The thing to remember, though, is that Dr. Taylor doesn't say it's easy or simple to let it go and tap back into the perfect bliss that always exists in the right brain after the 90 seconds. It's a choice, despite the fact that it rarely feels like it. If it was easy and simple, everyone would be happier all the time and we would all always feel connected and empowered. Dr. Taylor refers to the work of discovering that empowerment as "tending the gardens of our minds." It's work and it's every day. Although her stroke has given her a major ability to access that joy and bliss, she still lives and struggles in this world like the rest of us and has to work to make that decision to choose calm over frustration, forgiveness over anger.
This book is a classic example of one I feel the need to read over and over and over again until it's a part of me. It's so empowering but it's also very frightening. It has made me acutely aware of the moments I feel attached to negative feelings of worry or anger. Despite the fact that they're not pleasant and they don't make me feel good, it seems somehow easier to stick with those than to make the choice to be joyful despite whatever challenging realities may be going on in my life.
I recently read a passage from this book to a class of mine during savasana. I told them it's easier said than done - but it is vitally important to each individual's happiness. I hope you find it enlightening and I really hope you get a copy of this book and discover your own empowerment for yourself.
Don't have cash to get the book or time to read it right now? Check out Dr. Taylor's website for more information.

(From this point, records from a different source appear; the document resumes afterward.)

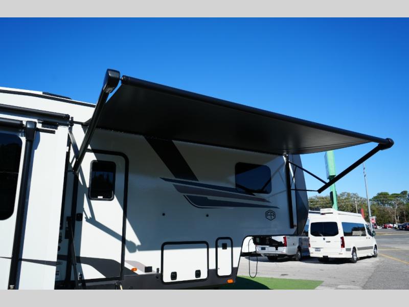 Features Fireplace, Outdoor Cooking Area, Hide-A-Bed Sofa, 200W Solar Panel, and Two Dual Awnings. Call Today! 352.787.7744
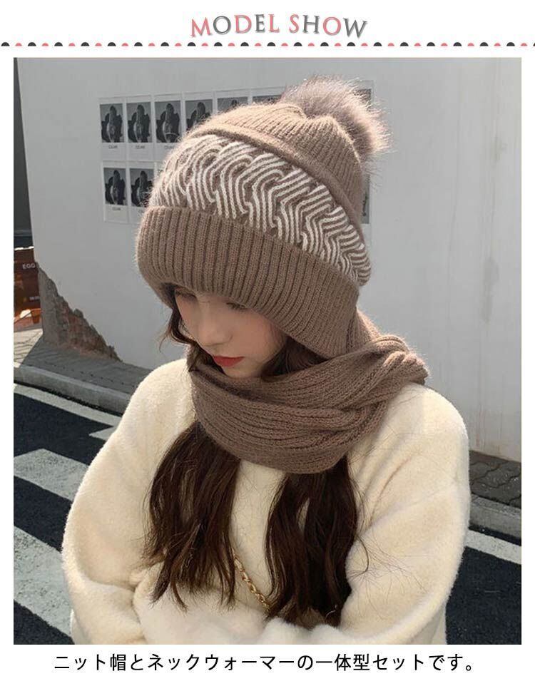 ニット帽 ニットキャップ レディース ポンポン付き 帽子マフラー一体 ケーブル編み キレイにかぶれる ネックウォーマー 大きいトップで耳まですっぽり プレゼント ゆったり レトロ 秋 冬 アウトドア #yz5645 | オキナ商店
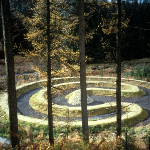 A thirty metre diameter raised labyrinthine walk, leading to a central stone cairn. Created as an enticement to stop passing traffic and encourage people to take a reflective walk in Nature, bathed in the sounds of the adjacent River Dee. All materials for the labyrinth were gathered locally within the forest, and with twenty years elapsing since construction, Nature is endeavouring to reclaim them.
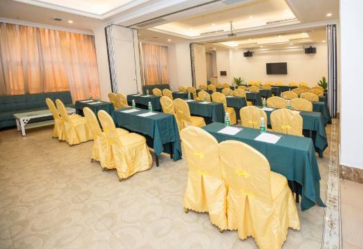 酒店楼高12层,设有空中花园露天茶吧,可品夜茶,赏音乐喷泉;拥有豪华客房百余间,配套有大型中餐、茶楼、会议室、酒庄、商超及停车场,可承接大型宴会、婚宴、聚餐、年会、会议等,是商旅出行的不错之选。
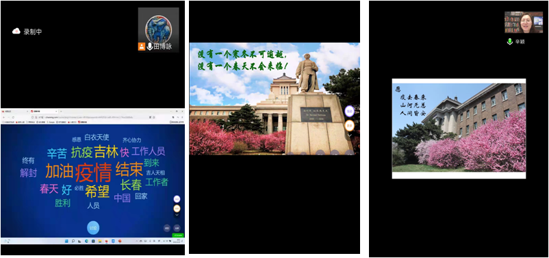 各个校区的抗疫剪影,为大家展示了吉大人用实际行动书写了吉大担当与吉大力量,鼓励同学要学会勇敢与乐观;9.法医学系授课教师为同学们播放了抗疫救治医疗队送首批治愈者回家的视频,通过视频中的蓝天、阳光和笑脸鼓励学生疫情终将被战胜;10.病原生物学系授课教师以当前的疫情形势作为切入点引入微生物学课程,并从专业的角度提醒学生注意防护,鼓励同学积极面对,提高医学生的使命感;11.遗传学系授课教师通过播放一组“夜幕下的长春”短视频,为同学们展示了镜头下安静的长春,但仍旧有抗疫工作人员的身影在忙碌,鼓励同学们不要浪费青春年华,与同学一起云端期待着早日见到长春往日的繁华景象;12. PBL教学组授课教师带领小组同学进行案例讨论,每位同学都分享了自己对抗疫的一些心得与体会,字里行间是同学对吉大 “饲养”的感谢,对教师辛勤工作的感谢,也是对抗疫工作者辛苦付出的感谢;13.病理生理学系授课教师在线为学生播放《人世间—抗议特别版》,并总结道:我们的岁月静好,正是因为这些投身抗疫工作的人们的负重前行,鼓励学生不要浪费学习的机会,要坚信“疫去春来”。
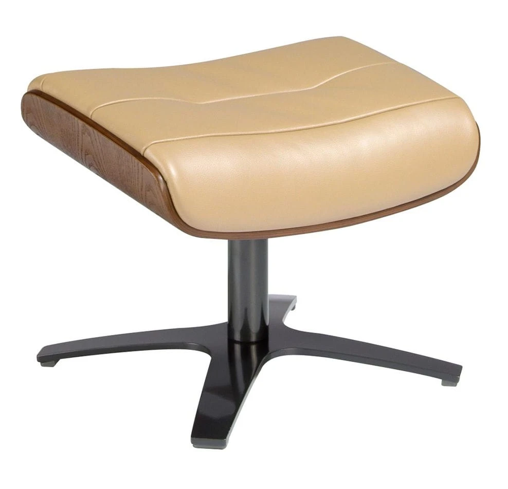 Nowoczesny puf o designie z siedziskiem obitym piaskową skórą bydlęcą. Zarówno orzechowe detale drewniane, jak i przyciemnione nogi ze stali nierdzewnej w awangardowym,
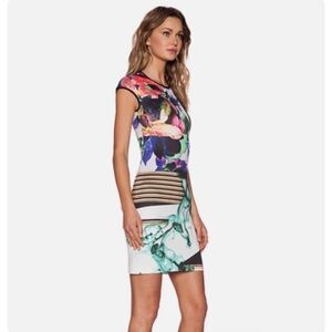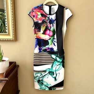 This Cap-Sleeve Liquid Jade Sheath Dress from Clover Canyon features a stunning floral print, short cap sleeves, a fitted bodycon mini silhouette with a rounded neckline, and concealed back zip closure. This scuba neoprene fabric. 90% Polyester, 10% Spandex
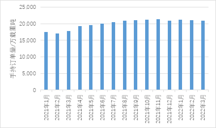 集装箱船方面,2022年一季度,全球成交新船订单137艘1080万载重吨,同比下降46.6%,具体订单包括57艘支线型箱船、36艘中型集装箱船、13艘大型集装箱船和31艘超大型集装箱船。散货船方面,2022年一季度,全球成交新船订单36艘276万载重吨,同比下降77.2%,具体订单包括6艘好望角型散货船和20艘灵便型散货船。油船方面,2022年一季度,全球成交新船订单10艘44万载重吨,同比下降96.3%,具体订单包括3艘成品油船和7艘化学品船。气体运输船方面,2022年一季度,全球成交新船订单39艘365万载重吨,同比增加93.1%,具体订单包括37艘大型LNG船和2艘LPG船。随着欧洲寻求能源供应网络的多元化,以及俄罗斯进口管道天然气供应的减少,美国页岩气对欧洲的海上出口有望增长,这将在一定程度上为LNG船的中长期市场发展创造机遇。
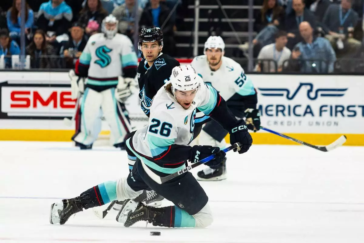 Seattle Kraken center Ryan Winterton (26) goes down after the puck against the Utah Mammoth during the second period of an NHL hockey game Saturday, Jan. 17, 2026, in Salt Lake City. (AP Photo/Melissa Majchrzak)
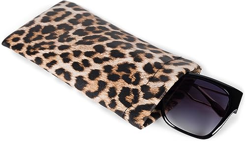 StyleBREAKER Astuccio per occhiali da sole con motivo leopardato e panno per la pulizia, custodia per occhiali con chiusura a scatto, unisex 09020096, colore:Marrone-Beige
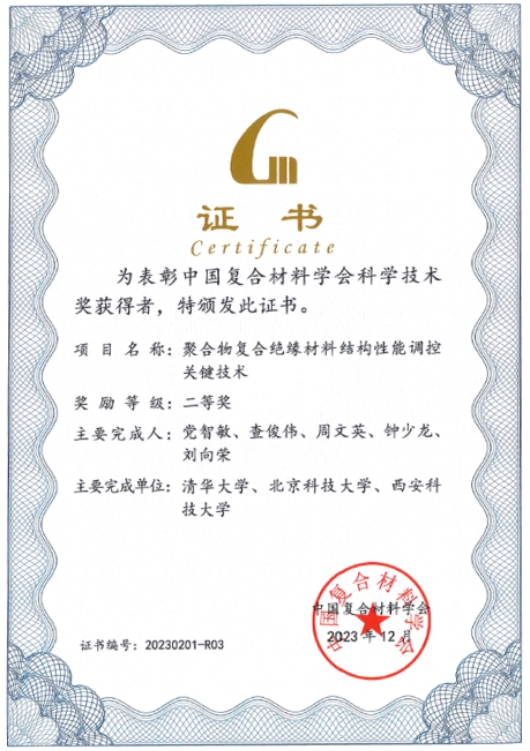近日,中国复合材料学会根据《中国复合材料学会科学技术奖励办法》和《中国复合材料学会科学技术奖励办法实施细则》,公布了2023年度的科学技术奖最终获奖名单,365英国上市集团英国365集团官网周文英教授及刘向荣教授和清华大学清华大学电机与微电子系党智敏教授团队联合申报的“聚合物复合绝缘材料结构性能调控关键技术”项目荣获中国复合材料材料学会二等奖,英国365集团官网周文英教授及刘向荣教授分布为第三及第五项目完成人。此次全国范围仅10项成果获奖,其中一等奖2名,二等奖8名。
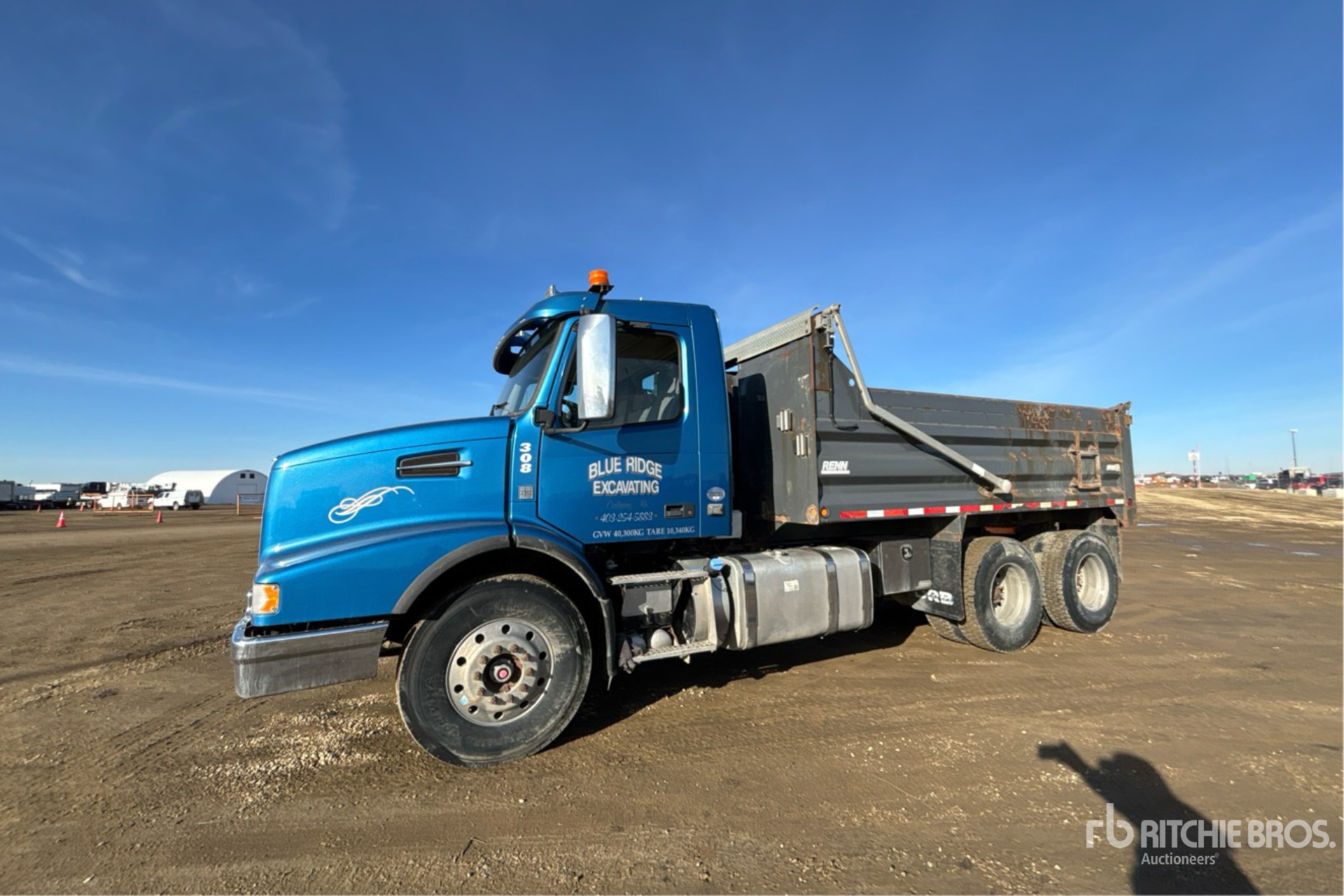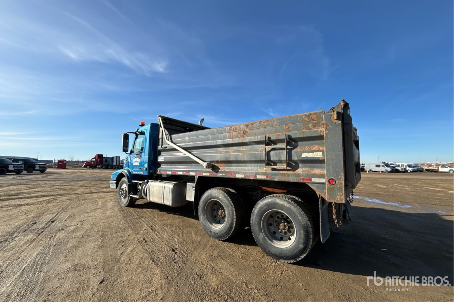 Volvo D13H500 6 Cylinder 12.8 L Diesel 500 hp Engine, 2013 US EPA Label, CARB Compliant, Requires Diesel Exhaust Fluid, 7278 Engine hrs, Engine Brake, Volvo ATO2612D 12-Speed Automatic Transmission, Differential Lock, 14600 lb Front Axle, 46000 lb Rears, Meritor RT-46-160 Drive Axles, 3.58:1 Axle Ratio, 60600 lb GVWR, Aluminum Wheels, 315/80R22.5 Front Tires, 11R22.5 Rear Tires, Spring Suspension, 204 in Wheelbase, PTO, Renn 15 ft Long x 3 ft 4 in High Steel Body, Electric Roll Tarp, 2-Way Tailgate, Rear Hydraulics, Pintle Hitch
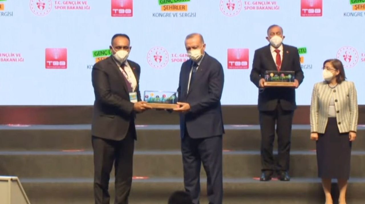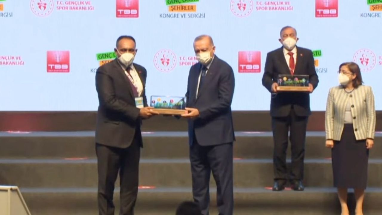 Toroslar Belediye Başkanı Atsız Afşın Yılmaz, ödülü Cumhurbaşkanı Recep Tayyip Erdoğan'ın elinden aldı.

For me, it's really easy to be kind to others when I remember that none of us came into this world with a manual about how to get it all right. We are ultimately a product of our biology and environment. Consequently, I choose to be compassionate with others when I consider how much painful emotional baggage we are biologically programed to carry around. I recognize that mistakes will be made, but this does not mean that I need to either victimize myself or take your actions and mistakes personally. Your stuff is your stuff, and my stuff is my stuff. Feeling deep inner peace and sharing kindness is always a choice for either of us. Forgiving others and forgiving myself is always a choice. Seeing this moment as a perfect moment is always a choice.